Amelia would have drowned had Hat and I not been with her to drag her from that evening’s rising tide. It is hard to write those words.
That first night in hospital we work on managing her pain, she cries a bit, she hallucinates alot, she even laughs drunkenly and tells us all she loves us in a sleepy slur. Hat’s face floods with relief when she sees her sister. She laughs and she cries a little bit more.
But the next day a fever builds and the swelling begins and her foot wears a hot red sock of growing infection. By evening the sock is pulled higher and her skin is flushed sunburn red by a rising temperature. A second antibiotic is introduced. Marine injuries can grow dangerous bacteria fast.
She lies in her hospital bed for four nights and I doze fitfully on the couch beside her and track the nurses that come and go and change drugs and then IV lines as her veins become inflamed with medication and venom and fever and her own distress. She is pitted with puncture marks, blue with bruises and all the while her foot swells. Somebody mentions gangrene. Only days before we had laughed at losing a big toe, losing a big toe because she’d stubbed it so badly, ‘you won’t be able to wear flipflops’ jokes her dad and suddenly my single ambition for my daughter is that she will always be able to wear flip flops.
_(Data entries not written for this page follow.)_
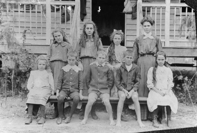 Keywords: StateLibQld 2 177635 Serious faced group of school children at Lower Yarraman in 1908.jpg en Serious faced group of school children at Lower Yarraman in 1908 The teacher stands beside her class of boys and girls who are lined up along a school bench The boys are dressed in suits with either lace or sailor collars Two of the boys are barefoot The girls wear mid length cotton dresses dark stockings and boots or 'Mary Jane' shoes 1908 handle 10462/deriv/101974 Item is held by John Oxley Library State Library of Queensland PD-Australia StateLibQld-License Children's clothing of Australia School children of Queensland Women's clothing of Australia Black and white photographs Yarraman Queensland 1908 in Australia
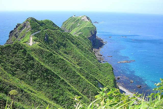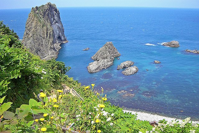もう一つの想像をはるかに超える美景スポットが「神威岬」。女人禁制の門から約770メートルの遊歩道を歩くと積丹ブルーの海と神威岩が見
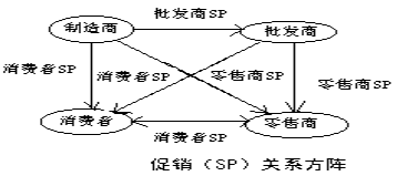 我们由促销的关系方阵可见,促销的类型可分为三种: ① 一级SP:制造商对批发商的促俏;制造商对零售商的促销;制造商对消费者的促销;批发商对零售商的促销;批发商对消费者的促销;零售商对消费者的促销。 一级SP的特点:单层次促销。 ② 二级SP:制造商对批发商对零售商的促销;制造商对零售商对消费者的促销;制造商对批发商对消费者的促销;批发商对零售商对消费者的促销。 二级SP的特点:双层次促销。 ③ 三级SP:制造商对批发商对零售商对消费者的促销。 三级SP的特点:三层次促销。 3、市场锋线的促销方式 促销方式如执行工具,是企业改造市场增进业绩的得力手段。经研究,这里提出九种销售促进(SP)的方式: ①无偿SP “无偿SP”指的是针对目标顾客不收取任何费用的一种促销手段。它包括两种形式: A、无偿附赠——以“酬谢包装”为主。 B、无偿试用——以“免费样品”为主。 所谓“酬谢包装”指的是以标准包装为衡量基础,但给消费者提供更多价值的一种包装形式。 酬谢包装,又包括四种形式:
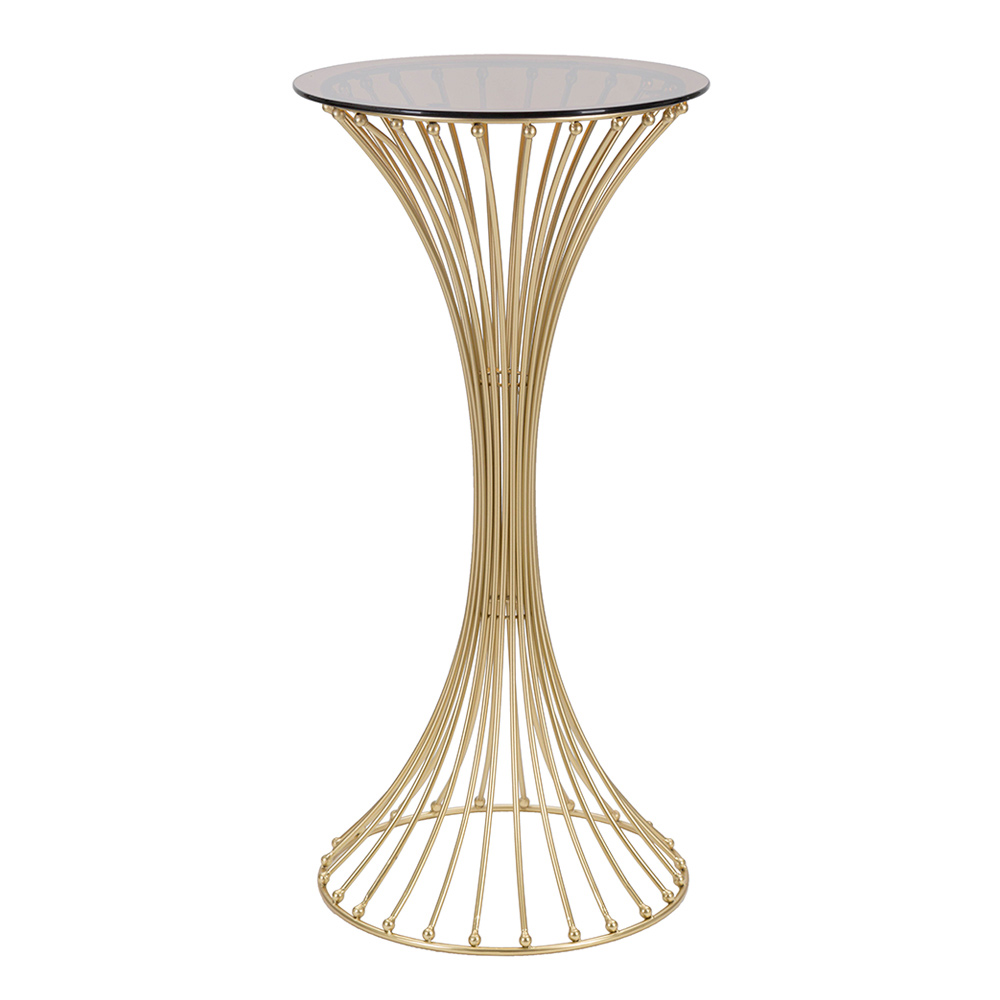 Dieser hohe Couchtisch ist ein klares Beispiel für Eleganz und zeitgenössisches Design . Der goldene Sockel erhebt sich in einem eleganten Gewirr von Linien, die an die dünnen Zweige einer Pflanze erinnern, und trägt eine runde Glasplatte. Die Kombination aus Glas und goldenem Eisen verstärkt nicht nur die optische Schönheit , sondern spricht auch für die Qualität der Materialien und gewährleistet Haltbarkeit und Stabilität .

Alot of people talk about celllulitis. I talk to specialists at a big city hospital, to understand the best drug regime to contain this mounting infection.
But I don’t consult the internet. I don’t want to know how bad this could have been. How bad it may still become. I focus on Amelia. I watch her nurses like hawks. I photograph her foot and her toe endlessly, scrutinizing the images for signs of change, I gaze at her pale face as she sleeps, her long dark hair fanned out and I cannot think about what might have happened had we not been with her in the water.
And I lie and stare at the nicotine yellow that is cast by the security lights outside the hospital and I feel the knot of tension and worry that has wound itself up from my shoulders and into the base of my skull and I can’t get comfortable so I get up again and I place a palm on her brow and will the infection to subside.
And suddenly, quite suddenly, the heat in her foot dissipates, her colour returns to normal, her complexion no longer bears the sheen of fever. And we are home, back on the beach.
She is a long way off being well. She is weak and sore and she still can’t walk. Her toe is hard and blackening and swollen. The doctors have warned recovery could take weeks. But I can breathe again. Slowly I feel it is safe to tell a story, this story. With this ending. I can dip into the ether – my nosy default position as journalist – to take a peek at how much worse this could have been: she could have been stung on a more vulnerable part of her body – higher up could have implicated more organs, created respiratory problems, cardiac arrest even.
She could have been alone in that rising tide.
It is rising now, as I write, the distant rumble of surf crashes closer. I stand from where I am curled on the verandah in the dark and tiptoe into my room. My daughter is fast asleep in the double bed I have insisted we share for now, so that I can have her close, so that I reach out in the dark and place my palm on her brow and reassure myself that she is cool and that the infection is being held at bay.
So that I can reassure myself that she is here.